> [Work instructions]: Starting at the line containing "今年のハロウィーンイベントは" and ending at the line containing "风衣是秋天最容易凹造型的款,搭配难度低,得到了懒妹子们的", print every line of the material below exactly, both ends included, and stop there.

====== Records supplied ======

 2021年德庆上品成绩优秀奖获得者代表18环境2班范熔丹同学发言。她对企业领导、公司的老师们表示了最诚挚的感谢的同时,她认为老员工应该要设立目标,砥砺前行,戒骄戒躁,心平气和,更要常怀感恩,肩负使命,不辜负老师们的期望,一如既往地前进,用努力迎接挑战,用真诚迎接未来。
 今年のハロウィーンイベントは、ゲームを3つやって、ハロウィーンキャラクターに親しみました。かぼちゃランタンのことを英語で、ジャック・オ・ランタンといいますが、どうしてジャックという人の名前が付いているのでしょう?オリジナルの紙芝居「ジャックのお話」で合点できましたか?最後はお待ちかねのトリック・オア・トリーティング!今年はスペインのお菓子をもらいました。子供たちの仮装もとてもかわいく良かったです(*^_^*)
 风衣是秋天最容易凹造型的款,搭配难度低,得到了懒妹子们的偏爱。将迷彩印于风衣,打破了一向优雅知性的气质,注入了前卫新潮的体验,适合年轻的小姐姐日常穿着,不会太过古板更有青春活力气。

======
====== Records supplied ======

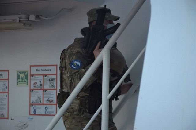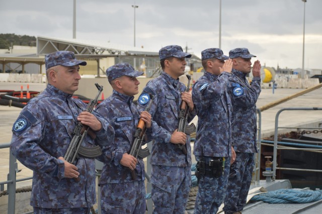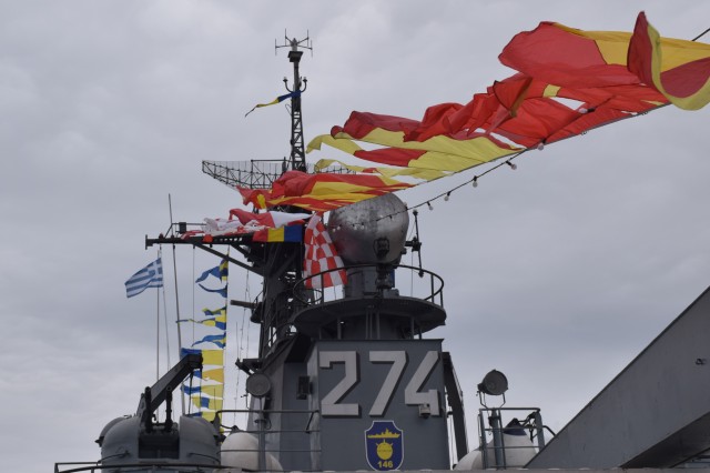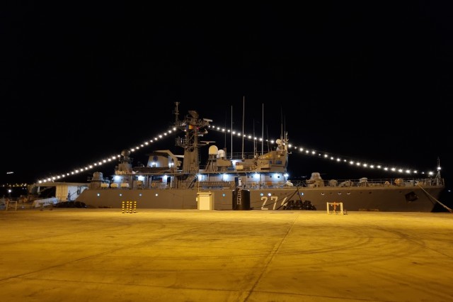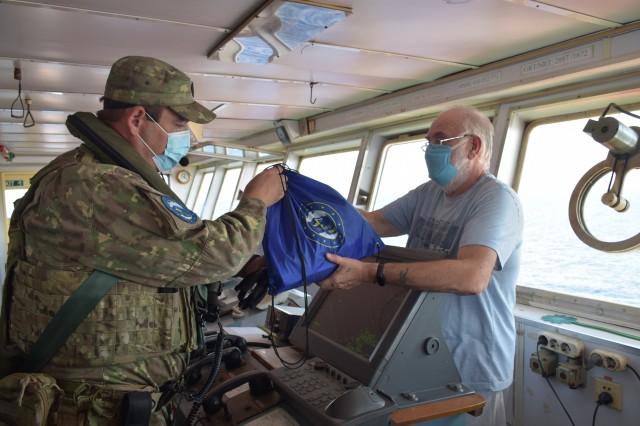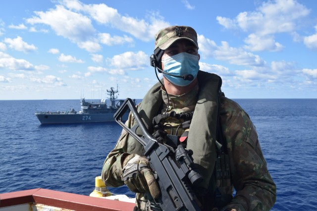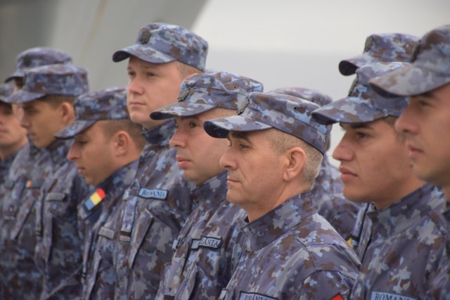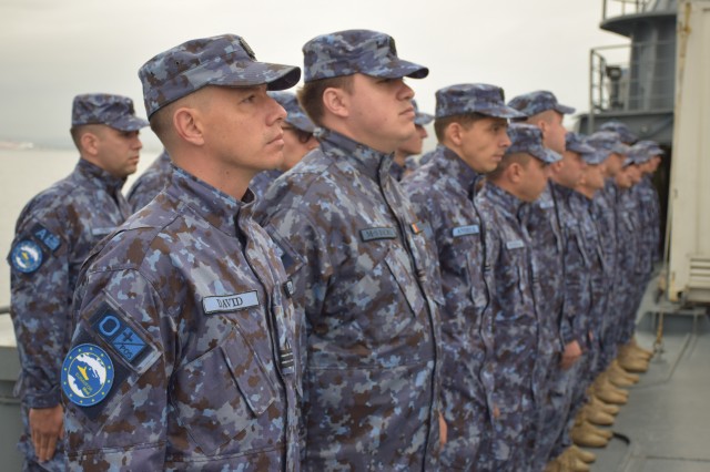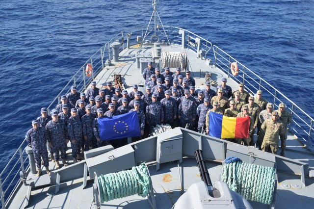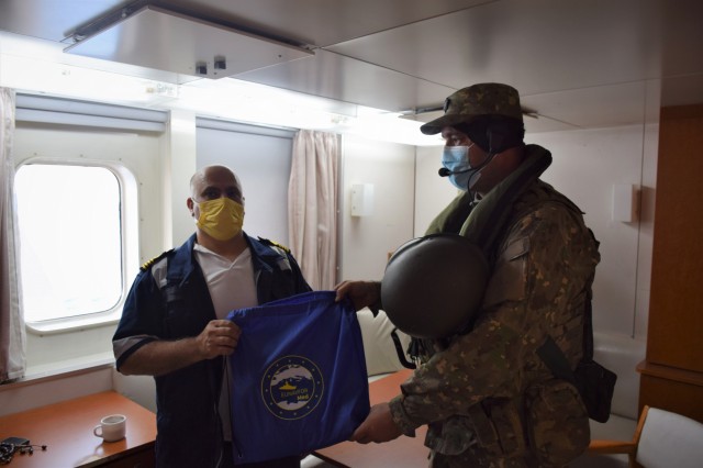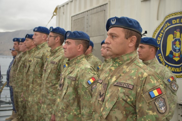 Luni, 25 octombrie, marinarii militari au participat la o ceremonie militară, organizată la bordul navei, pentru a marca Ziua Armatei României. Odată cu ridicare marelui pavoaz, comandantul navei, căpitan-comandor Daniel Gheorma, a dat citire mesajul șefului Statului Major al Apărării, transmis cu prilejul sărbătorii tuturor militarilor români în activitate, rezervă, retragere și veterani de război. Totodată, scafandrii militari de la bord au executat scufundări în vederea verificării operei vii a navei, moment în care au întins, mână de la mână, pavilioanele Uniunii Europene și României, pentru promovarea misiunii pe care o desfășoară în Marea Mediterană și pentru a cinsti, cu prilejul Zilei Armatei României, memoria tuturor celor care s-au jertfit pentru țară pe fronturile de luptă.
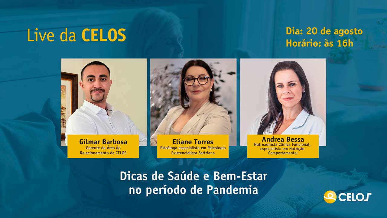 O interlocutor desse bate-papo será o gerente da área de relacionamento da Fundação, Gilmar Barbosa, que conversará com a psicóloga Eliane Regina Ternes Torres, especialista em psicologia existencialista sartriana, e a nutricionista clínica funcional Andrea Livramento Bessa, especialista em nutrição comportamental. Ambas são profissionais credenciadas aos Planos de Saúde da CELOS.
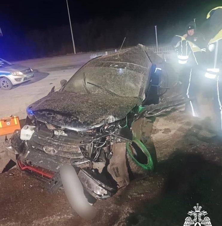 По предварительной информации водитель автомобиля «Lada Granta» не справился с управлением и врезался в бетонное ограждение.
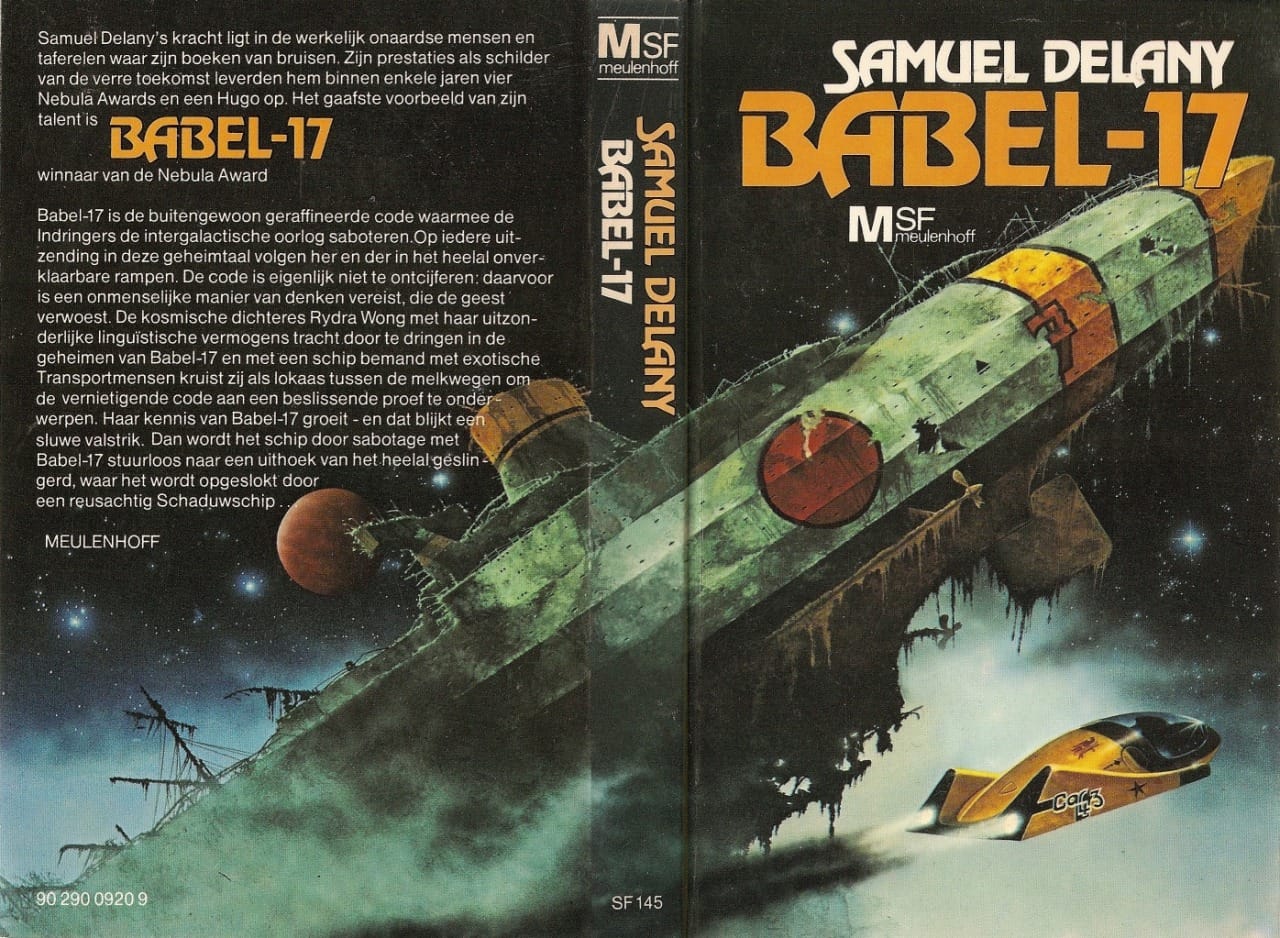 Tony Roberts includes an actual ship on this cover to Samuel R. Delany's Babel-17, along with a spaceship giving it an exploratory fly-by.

======

> [Output for this exercise]:
 今年のハロウィーンイベントは、ゲームを3つやって、ハロウィーンキャラクターに親しみました。かぼちゃランタンのことを英語で、ジャック・オ・ランタンといいますが、どうしてジャックという人の名前が付いているのでしょう?オリジナルの紙芝居「ジャックのお話」で合点できましたか?最後はお待ちかねのトリック・オア・トリーティング!今年はスペインのお菓子をもらいました。子供たちの仮装もとてもかわいく良かったです(*^_^*)
 风衣是秋天最容易凹造型的款,搭配难度低,得到了懒妹子们的偏爱。将迷彩印于风衣,打破了一向优雅知性的气质,注入了前卫新潮的体验,适合年轻的小姐姐日常穿着,不会太过古板更有青春活力气。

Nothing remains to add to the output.